→ **AVAILABLE RECORDS**:

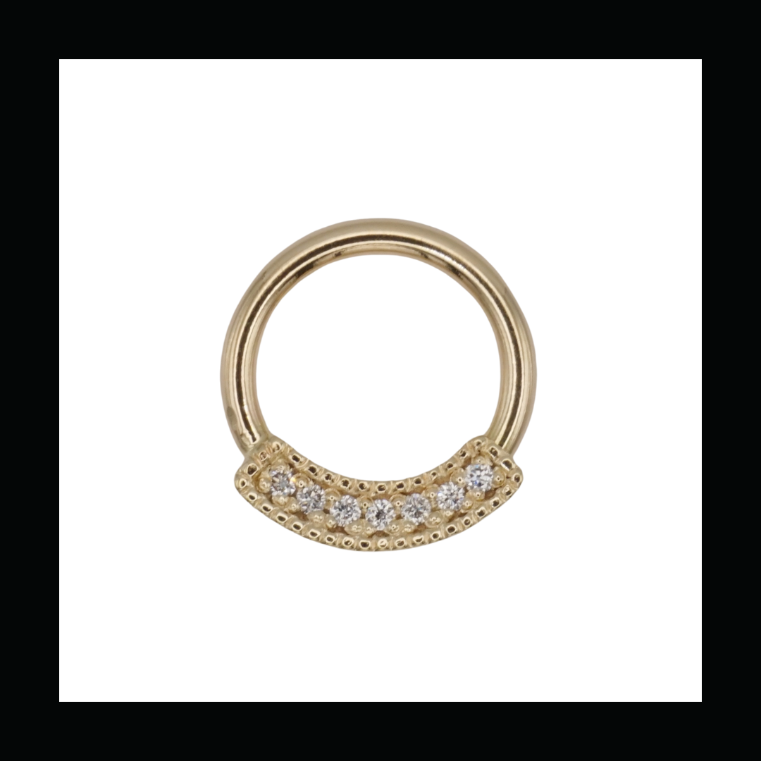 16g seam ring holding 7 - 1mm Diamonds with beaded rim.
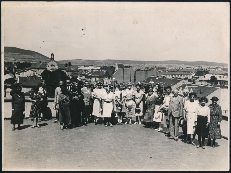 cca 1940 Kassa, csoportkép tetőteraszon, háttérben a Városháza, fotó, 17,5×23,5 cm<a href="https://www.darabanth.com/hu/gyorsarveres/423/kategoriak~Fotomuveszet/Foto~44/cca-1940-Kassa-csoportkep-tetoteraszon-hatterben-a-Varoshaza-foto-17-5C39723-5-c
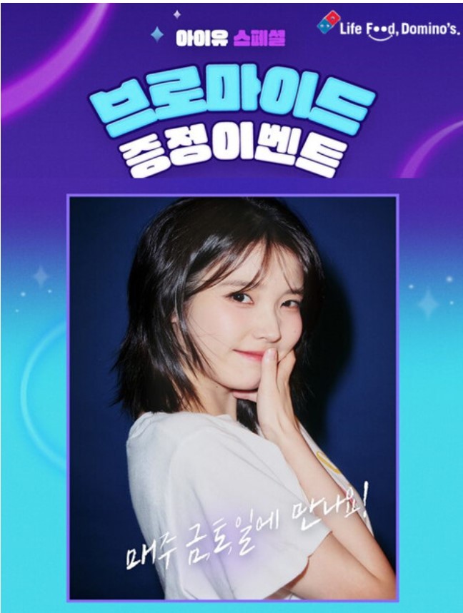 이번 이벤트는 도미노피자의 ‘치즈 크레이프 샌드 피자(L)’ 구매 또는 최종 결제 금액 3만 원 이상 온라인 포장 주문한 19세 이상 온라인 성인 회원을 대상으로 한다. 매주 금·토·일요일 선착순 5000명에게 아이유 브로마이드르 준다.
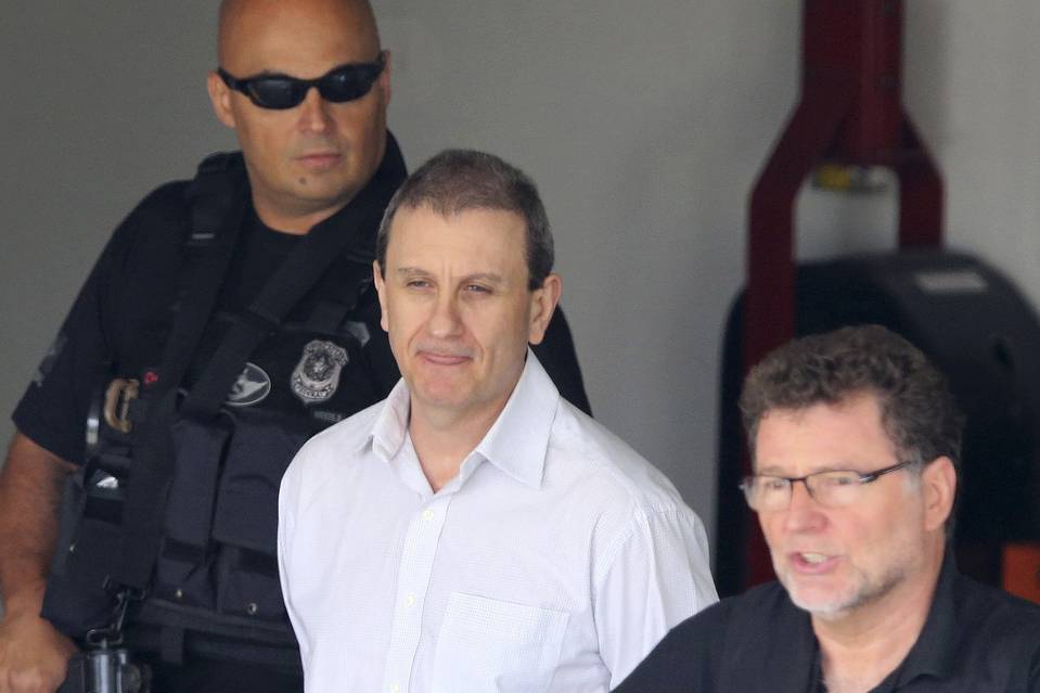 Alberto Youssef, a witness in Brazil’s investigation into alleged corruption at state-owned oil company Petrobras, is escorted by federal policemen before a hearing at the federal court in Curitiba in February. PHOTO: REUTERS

* * *

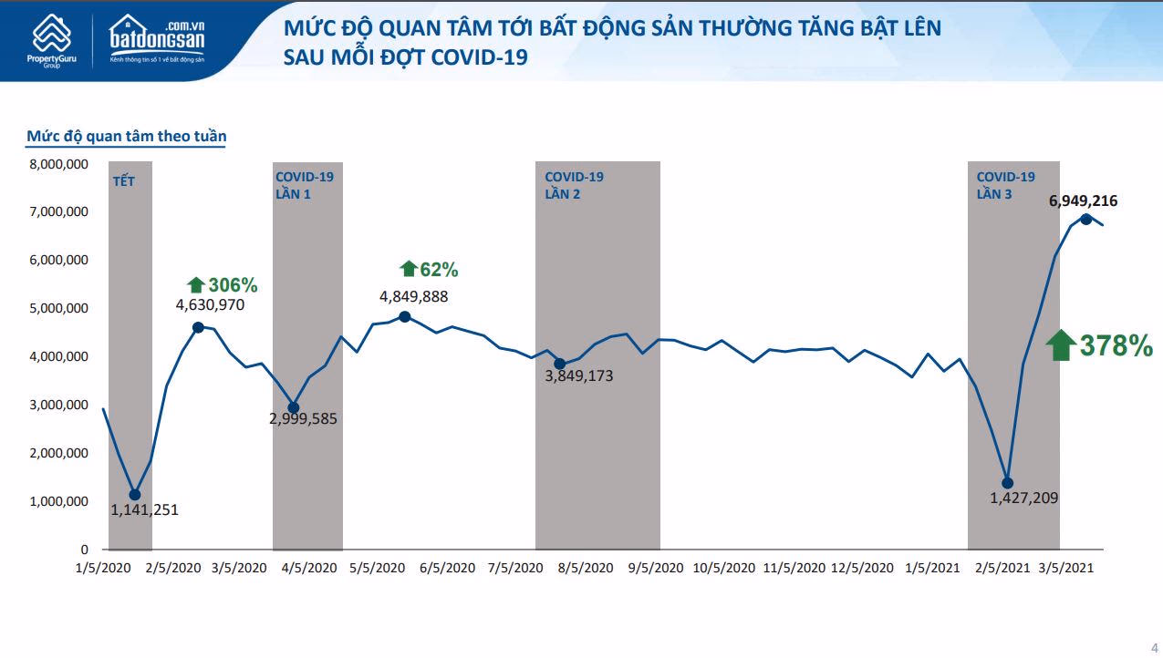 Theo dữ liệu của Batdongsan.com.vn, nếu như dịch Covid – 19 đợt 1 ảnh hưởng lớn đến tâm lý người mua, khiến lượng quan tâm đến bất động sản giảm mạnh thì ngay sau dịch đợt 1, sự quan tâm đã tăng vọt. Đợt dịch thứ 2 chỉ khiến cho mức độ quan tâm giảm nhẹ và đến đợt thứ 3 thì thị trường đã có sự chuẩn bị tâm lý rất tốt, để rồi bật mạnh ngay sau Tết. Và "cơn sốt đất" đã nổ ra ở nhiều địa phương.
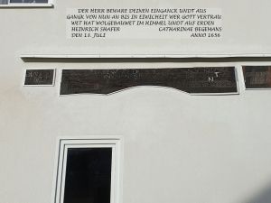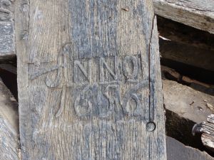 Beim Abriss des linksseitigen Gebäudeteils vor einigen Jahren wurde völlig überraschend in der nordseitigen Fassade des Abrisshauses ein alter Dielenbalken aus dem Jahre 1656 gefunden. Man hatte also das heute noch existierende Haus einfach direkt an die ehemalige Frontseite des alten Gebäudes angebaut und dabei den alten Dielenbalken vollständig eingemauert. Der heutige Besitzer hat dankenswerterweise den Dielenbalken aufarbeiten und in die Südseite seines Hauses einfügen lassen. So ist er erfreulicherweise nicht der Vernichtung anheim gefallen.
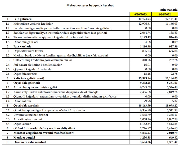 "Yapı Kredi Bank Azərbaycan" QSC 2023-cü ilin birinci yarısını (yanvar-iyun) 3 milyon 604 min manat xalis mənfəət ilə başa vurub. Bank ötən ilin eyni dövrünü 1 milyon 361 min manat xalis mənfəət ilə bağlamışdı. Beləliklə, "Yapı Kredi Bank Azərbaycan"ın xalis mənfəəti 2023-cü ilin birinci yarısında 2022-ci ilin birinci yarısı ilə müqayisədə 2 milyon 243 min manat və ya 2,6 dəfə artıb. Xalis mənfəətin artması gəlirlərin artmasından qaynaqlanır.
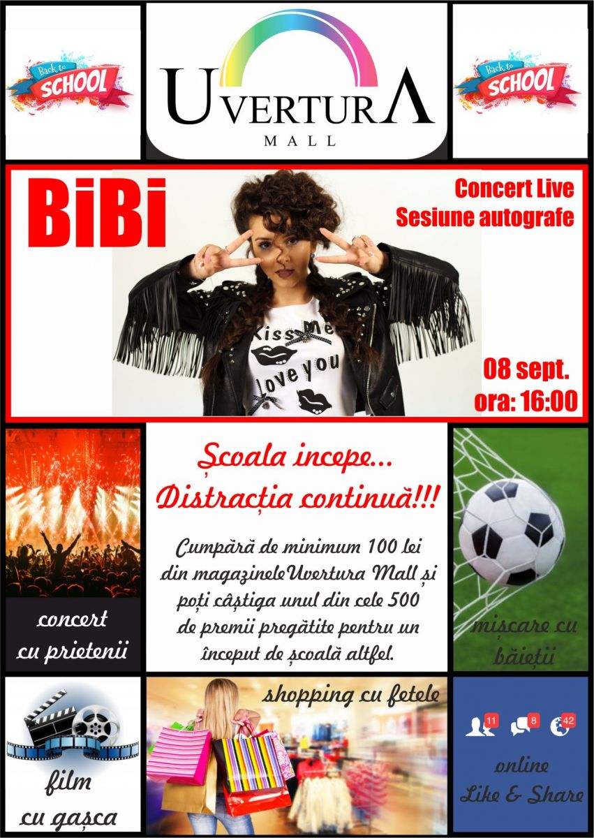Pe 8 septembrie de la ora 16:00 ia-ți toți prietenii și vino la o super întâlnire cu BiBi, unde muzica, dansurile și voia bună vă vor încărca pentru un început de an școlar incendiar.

→ **WHAT IS EXPECTED**: Extract the part of the records that opens with the line containing "이번 이벤트는 도미노피자의" and closes with the line containing "Alberto Youssef, a". Take only those lines, exactly, and no pictures.

→ **RESPONSE FOR THIS EXERCISE**:
 이번 이벤트는 도미노피자의 ‘치즈 크레이프 샌드 피자(L)’ 구매 또는 최종 결제 금액 3만 원 이상 온라인 포장 주문한 19세 이상 온라인 성인 회원을 대상으로 한다. 매주 금·토·일요일 선착순 5000명에게 아이유 브로마이드르 준다.
 Alberto Youssef, a witness in Brazil’s investigation into alleged corruption at state-owned oil company Petrobras, is escorted by federal policemen before a hearing at the federal court in Curitiba in February. PHOTO: REUTERS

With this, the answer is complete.